==== Raw data ====
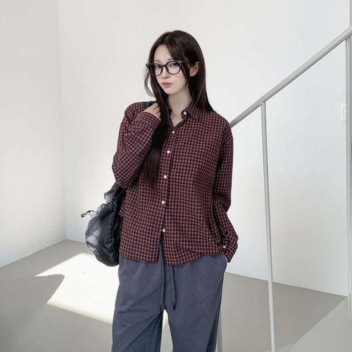 [다잇템]여성 잔잔 남방 빅사이즈 롱슬리브 격자 남방
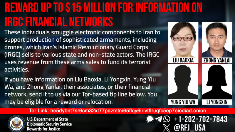 ALBAWABA - The US Department of State’s Rewards for Justice is offering up to $15 million as a reward for information about individuals supporting Iran's IRGC (Islamic Revolutionary Guard Corps), naming several Chinese nationals as the target.
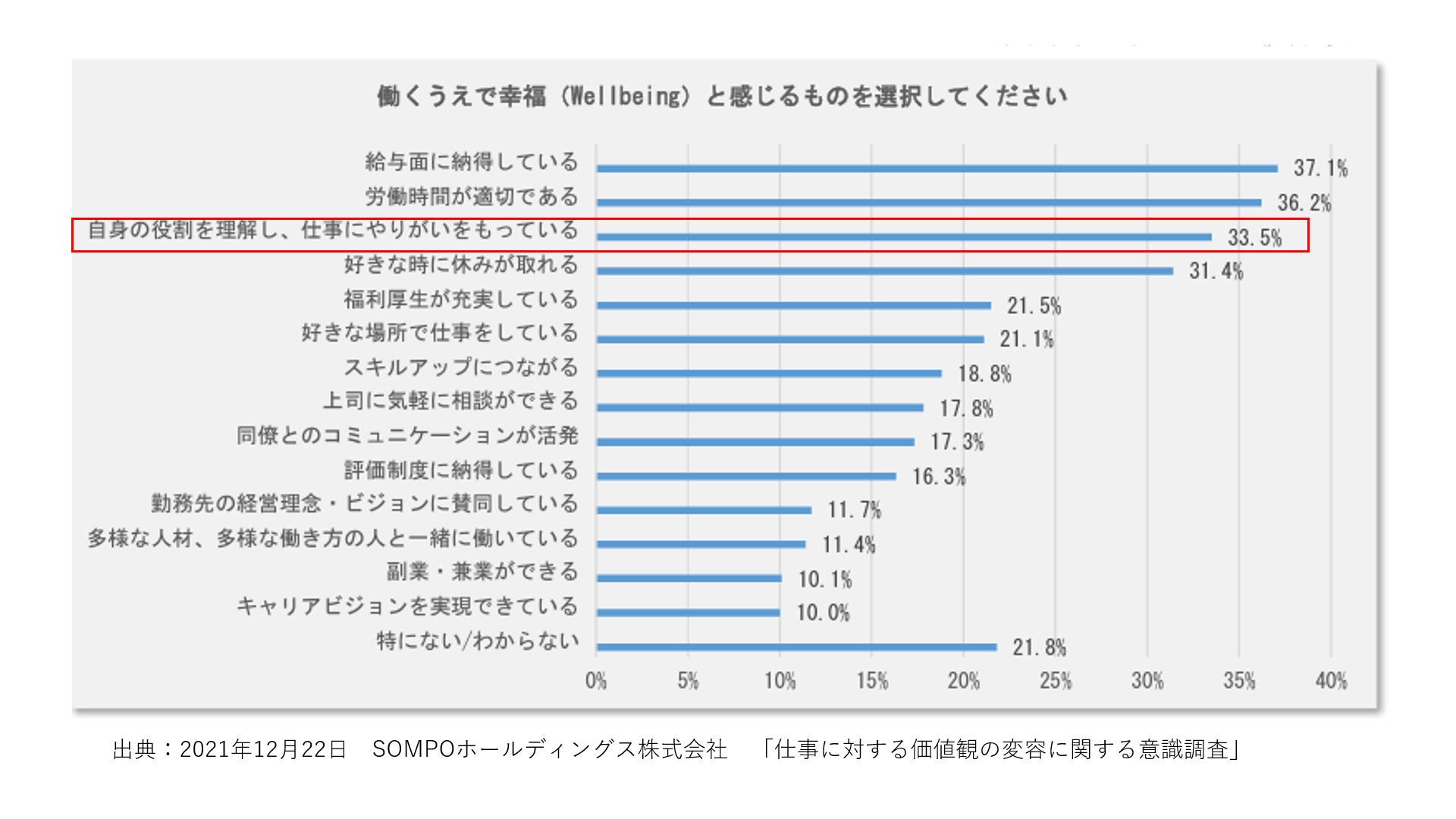 コロナ禍を経て、社員が働くうえでの幸福感の要素についての調査では、福利厚生や休暇を抑えて「役割理解・やりがい」という内面的な要素が3位にランクインしました。
====
The task: Please produce an exact copy of all the material, leaving out the pictures.

Exercise solution:
 [다잇템]여성 잔잔 남방 빅사이즈 롱슬리브 격자 남방
 ALBAWABA - The US Department of State’s Rewards for Justice is offering up to $15 million as a reward for information about individuals supporting Iran's IRGC (Islamic Revolutionary Guard Corps), naming several Chinese nationals as the target.
 コロナ禍を経て、社員が働くうえでの幸福感の要素についての調査では、福利厚生や休暇を抑えて「役割理解・やりがい」という内面的な要素が3位にランクインしました。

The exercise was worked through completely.